Living Legacy: Haga’on Rav Dovid Feinstein, zt”l

Living Legacy: Haga’on Rav Dovid Feinstein, zt”l

A year has passed since the petriah of Rav Dovid, zt”l, on 19 Cheshvan of last year.

In this time, Klal Yisroel—especially in America—has begun to scratch the surface of the magnitude of the greatness of this gadol who was an iluy in every respect, but most of all in hiding himself on the Lower East Side, even as his light shone forth from there with such brightness.  

Rav Dovid was a master of simplicity and straightness—the epitome of fleeing from honor, an endeavor which he also executed with simplicity— and so, on the rare occasions where he allowed glimpses into his gadlus, it was simply a matter of being truthful and humble.

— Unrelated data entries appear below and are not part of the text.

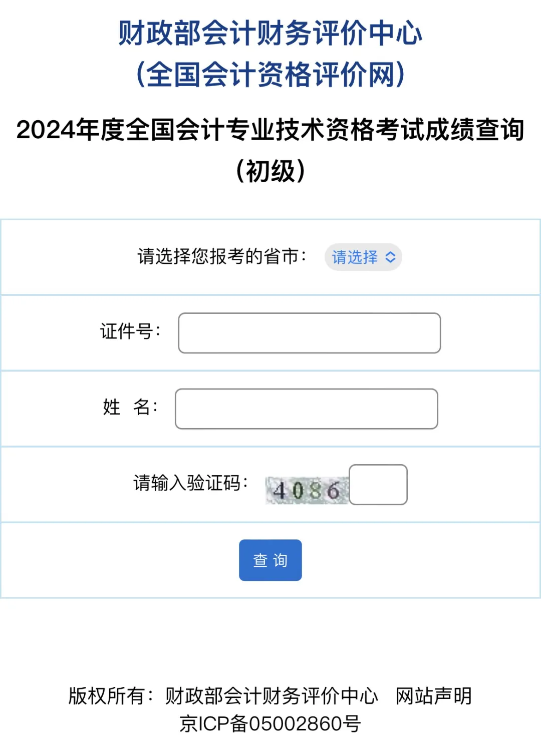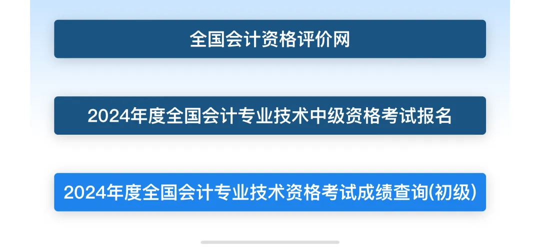 第一步:進(jìn)入“財政部會計資格評價中心”,選擇2024年成績查詢(初級)。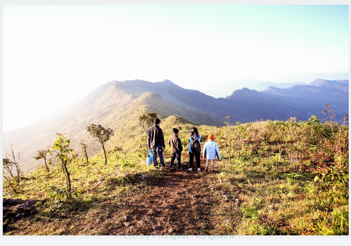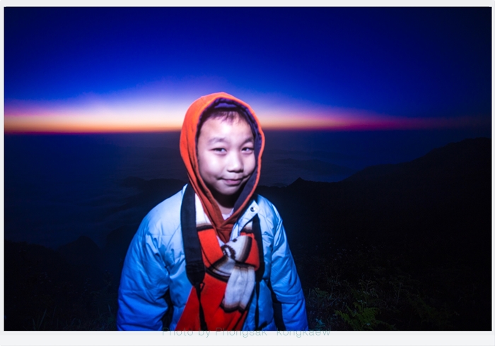 เมื่อถึงจุดจอดรถ เราต้องเดินขึ้นอีกนิด ณ เวลานั้น ตี 5 นิดๆ รีบเลยก่อนฟ้าสาง เรามีเด็ก ติดตาม 1 คน เรารีบเดินขึ้นโดยฉายไฟเดินขึ้นไป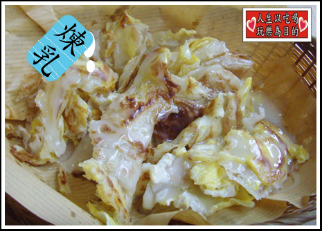 跟咖哩口味相同,也是加蛋的印度餅,只是沾醬換成淋上厚厚的煉乳。(話說回來,蔥抓餅&甜煉乳的組合,光想就覺得怪怪滴!!)戰戰兢兢吃下第一口,很甜,很脆,帶點鹹,熱熱吃,還不賴呢,愈吃愈順口,我喜歡這個更甚咖哩口味。

He was born in the Russian town of Lyuban, in 1929, to his great father, Rav Moshe, zt”l, who served as its rov. He once remarked to a talmid driving him, “I don’t know what they want from me; I was born an iluy. When I was five, I know the entire seder Nezikin.”

Once, his brother, ybl”ch, Rav Reuven Shlit”a –with whom Rav Dovid shared a legendary brotherly bond of awe, love, and reverence— was asked by a talmid whether it is true what they say that Rav Dovid completed shas one hundred times. A master of simplicity himself, he approached his older brother and asked him. Rav Dovid responded softly, “yes,” and walked away. Truthful, straight, and simple. 

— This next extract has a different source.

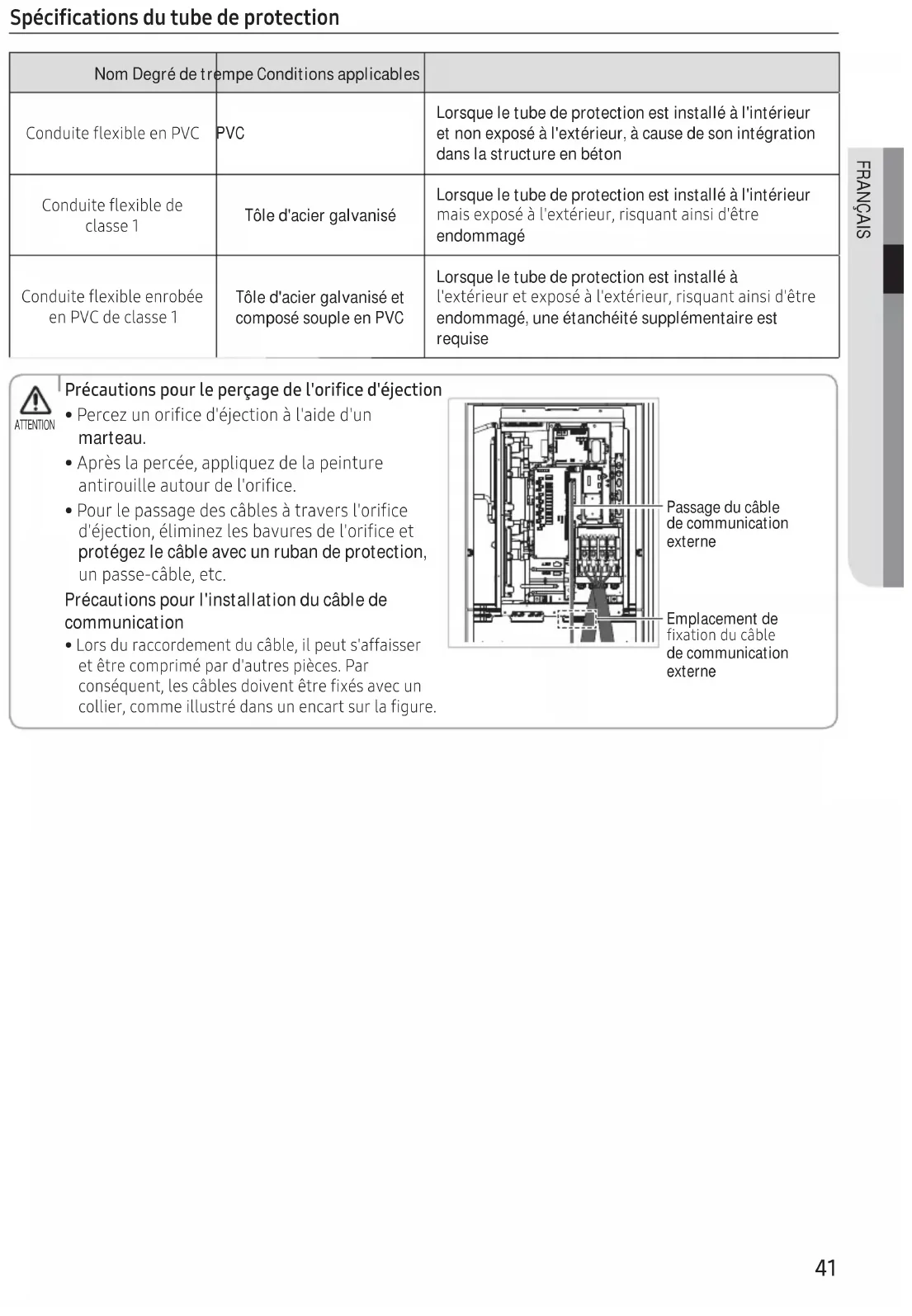 øʪϑʀͱθʒͱϑʒɇʪϩɇϩͱʒʪϑΧʽʀʪϑʒɇΧΧɇθʪϑʒʪϑϩʭϑɞЇʪЇϩϑɇϩͱʪуϩʭθʪЇθʪʪʒͱЭʪϩΧɇϑ ʲϩθʪΧЇϑʭ˝ʪθϑαЇʪʪʀͱθʒͱѤʪуɵʪ˝ɇʭʒʪΧͱцʀ˵ͱθͱΧθʽʪ࣑Uʭϑ˝ɇϩͱʒЇʀͱʒʪÃkAࡤߨߢߤߦߧÃkAߨߨࢩ AkĘkøkAࡤ²ߢߩŵĘ࣒ࣛߦߣ FRANÇAIS ƊΧʭʀѣʀɇϩͱϑʒЇϩЇɵʪʒʪΧθͱϩʪʀϩͱ Nom Degré de trempe Conditions applicables AͱʒЇϩʪѤʪуɵʪʪťǤA PVC Lorsque le tube de protection est installé à l'intérieur et non exposé à l'extérieur, à cause de son intégration dans la structure en béton AͱʒЇϩʪѤʪуɵʪʒʪ ʀɇϑϑʪߣ Tôle d'acier galvanisé Lorsque le tube de protection est installé à l'intérieur ɇϑʪуΧͱϑʭɞʪуϩʭθʪЇθࡥθϑαЇɇϩɇϑʒʲϩθʪ endommagé AͱʒЇϩʪѤʪуɵʪʪθͱɵʭʪ ʪťǤAʒʪʀɇϑϑʪߣ Tôle d'acier galvanisé et composé souple en PVC Lorsque le tube de protection est installé à ʪуϩʭθʪЇθʪϩʪуΧͱϑʭɞʪуϩʭθʪЇθࡥθϑαЇɇϩɇϑʒʲϩθʪ endommagé, une étanchéité supplémentaire est requise ťθʭʀɇЇϩͱϑΧͱЇθʪΧʪθʅɇ˝ʪʒʪͱθѣʀʪʒʭʪʀϩͱ ࡛ťʪθʀʪіЇͱθѣʀʪʒʭʪʀϩͱɞɇʒʪʒЇ marteau. ࡛ΧθʽϑɇΧʪθʀʭʪࡥɇΧΧαЇʪіʒʪɇΧʪϩЇθʪ ɇϩθͱЇʪɇЇϩͱЇθʒʪͱθѣʀʪ ࡛ťͱЇθʪΧɇϑϑɇ˝ʪʒʪϑʀɑɵʪϑɞϩθɇЭʪθϑͱθѣʀʪ ʒʭʪʀϩͱࡥʭʪіʪϑɵɇЭЇθʪϑʒʪͱθѣʀʪʪϩ protégez le câble avec un ruban de protection, ЇΧɇϑϑʪࣛʀɑɵʪࡥʪϩʀ Précautions pour l'installation du câble de communication ࡛øͱθϑʒЇθɇʀʀͱθʒʪʪϩʒЇʀɑɵʪࡥΧʪЇϩϑɇ˙˙ɇϑϑʪθ ʪϩʲϩθʪʀͱΧθʭΧɇθʒɇЇϩθʪϑΧʽʀʪϑťɇθ ʀͱϑʭαЇʪϩࡥʪϑʀɑɵʪϑʒͱЭʪϩʲϩθʪѣуʭϑɇЭʪʀЇ ʀͱʪθࡥʀͱʪЇϑϩθʭʒɇϑЇʪʀɇθϩϑЇθɇѣ˝Їθʪ Passage du câble de communication externe Emplacement de ѣуɇϩͱʒЇʀɑɵʪ de communication externe ATTENTIONߦߤ Travail de câblage électrique Schéma du câblage d'alimentation ʪϩɇϩͱɞߥΧ˵ɇϑʪϑʪϩߦʀͱʒЇʀϩʪЇθϑ࣑ߥߪߢࣛߦߣߧǤ࣒ øͱθϑαЇʪɇʀͱɵɇϑͱʒЇϩʭϑѣ˝ЇθʪʒɇϑʪϑϩɇɵʪɇЇуʒʪɇϑʪʀϩͱࣥAͱɵɇϑͱʒЇϩʭϑʪуϩʭθʪЇθʪϑࣦ ߥΧ˵ɇϑʪϑߦʀͱʒЇʀϩʪЇθϑ ࣑ߥߪߢࣛߦߣߧǤ࣒ MCCB+ ELB MCCB+ ELB ELCB ELCB Unité principale Unité principale ƊͱЇϑࣛЇϩʭ ƊͱЇϑࣛЇϩʭ Unité principale ƊͱЇϑࣛЇϩʭߣ ƊͱЇϑࣛ

Rabbi Yisroel Besser, the prolific writer, biographer, and columnist, is currently getting to work on a biography on this gadol who so illuminated the way for American Torah Jewry in the 21st century, and shared the foremost thoughts in his mind as he sets about this special endeavor:

“There are so many facets to Rav Dovid’s personality,” he says. “But I had to choose a feature that defined him, it was ‘Toras chessed,’ a Torah that brings about love and kindness for your fellow Yid. Rav Dovid had a mantra; ‘When Yidden get up after learning a sugya they should be more compassionate, kinder, with more room in their heart for others, and if that doesn’t happen, then they didn’t really learn it, and they should sit down and learn it again.’

“And so, he made his business to know the individual needs of every person who made their way into his orbit.... whether they were gedolei Torah—all of whom looked to him as the final authority—or emotionally-disturbed individuals whom no one else gave a second glance.”

When Rav Dovid would speak about Toras chessed, one must understand that his prowess in Torah was extraordinary—and his brilliance in chessed was commensurate with this very greatness.

He was a posek extraordinaire who is quoted often by his own father in Igros Moshe, and Rav Moshe would refer shei’los to him, and has himself authored numerous volumes on psak, and other areas of Torah. And this same person seamlessly transitioned to according his rebbetzin the honor and reverence reserved for queens, opening and closing the front door of the car for her, and helping her around the kitchen.

Observers of the Rosh Yeshiva explain that he saw the mofsim that he affected in the last few decades of his life as simply another way to do chessed for those people...

Leaders of Agudas Yisroel recall how the Rosh Yeshiva would arrive at the Moetzes meetings and take in every single word, not uttering a syllable of his own. When asked for his opinion, all eyes would turn to him as he gave his da’as Torah with softness and humility, and this is usually how things came down in the end.

His emes and his middos defined him, there was absolutely no change in his demeanor from delivering his mishnayos shiur on the Lower East Side to a handful of individuals, to attending mass gatherings of tens of thousands—it was all one lifetime of Torah, a holy aura of chessed and love for his fellow Yid.